Koreans prepare to build the first advanced PWR

20 August 2001



If the Koreans manage to stick to their current schedule of getting the first of their next generation nuclear units in commercial operation by 2010, they can truly claim world leadership in advanced PWR technology.


The nuclear industry has seen a good deal of talk about “advanced PWRs” over the years. But, with the slow down in nuclear construction, very few countries can claim to have concrete plans in place for building such advanced reactors. One notable exception is South Korea, which has pressed on doggedly with an ambitious nuclear power programme (see table, p39) and where nuclear energy currently accounts for about 43 per cent of the total electricity generated in the country.

The Koreans have recently announced plans to build the first of what they now call the APR1400, or Korean Advanced Pressurised Water Reactor. This will mark the culmination of a development programme formerly known as the Korean Next Generation Reactor (KNGR)).

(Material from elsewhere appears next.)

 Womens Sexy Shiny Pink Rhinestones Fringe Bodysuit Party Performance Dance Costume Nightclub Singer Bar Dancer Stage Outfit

The first two APR1400s will be built at Shin-Kori, becoming units 3 and 4 at that site. Construction is slated to start in 2002, with major component manufacture scheduled for 2003-2006. Commercial operation of Shin-Kori 3 and 4 is expected in 2010 and 2011 respectively, while a further two APR1400 units (sites not yet confirmed) are planned for commercial operation in 2013 and 2014 respectively. These dates reflect a stretching of the original KNGR programme by about three years, an effect of the 1998 economic downturn. But if the schedule is met they will the first operating advanced PWRs in the world, albeit with fewer passive features than originally envisaged.

The APR1400, rated at 1400 MWe, is an evolution of the 1000 MWe Korean Standard Nuclear Power Plant (KSNP). Two KSNP units, Ulchin 3 and 4, are now in operation, with four more under construction, while a further four, of an improved KSNP design, called KSNP+, are at the planning stage (with the first pair, Shin-Kori 1 and 2, due to start construction this autumn). Two KSNP units are also in the early stages of construction in North Korea, under the KEDO programme (see panel p 41). But since the change of president in the USA, the future of this project has been looking uncertain.

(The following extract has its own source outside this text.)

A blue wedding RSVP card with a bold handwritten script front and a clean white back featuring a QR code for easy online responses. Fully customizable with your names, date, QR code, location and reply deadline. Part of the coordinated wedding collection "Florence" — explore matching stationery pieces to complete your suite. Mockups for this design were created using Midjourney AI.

The APR1400 incorporates a number of features aimed at improving safety and economics relative to KSNP, including simplification of safety systems, improved measures to prevent and mitigate severe accidents, emphasis on human factors engineering and partial introduction of passive safety features (eg fluidic control in the safety injection tank and passive hydrogen control systems). To use the terminology of the US Department of Energy it might be described as Generation III reactor technology, incorporating some passive features but not a full blown passive reactor system, as exemplified by the proposed pebble bed high temperature gas-cooled reactor, which has been dubbed Generation IV.

The economic target of APR1400 is to offer a 20 per cent cost advantage over coal. Measures to achieve this include high power rating (up to 1400 MWe from 1300 MWe, which was the original rating envisaged for the KNGR), improved construction methods, extensive use of 3D CAD and maximum pre-fabrication and modularisation.

Phased development

Development work proper on APR1400 started in 1992 and has involved a concerted effort by all the major players in the Korean nuclear industry (Korea Electric Power Corp (KEPCO), Korea Institute of Nuclear Safety (KINS), Korea Atomic Energy Research Institute (KAERI), Korea Power Engineering Company (KOPEC), Korea Nuclear Fuel Corporation (KNFC), Center for Advanced Reactor Research (CARR), Hanjung etc), not to mention Combustion Engineering of the United States, formerly owned by ABB and now part of the BNFL nuclear empire. In fact CE’s System 80 and subsequently the System 80+ NSSS designs have been the foundations of the Korean nuclear reactor programme.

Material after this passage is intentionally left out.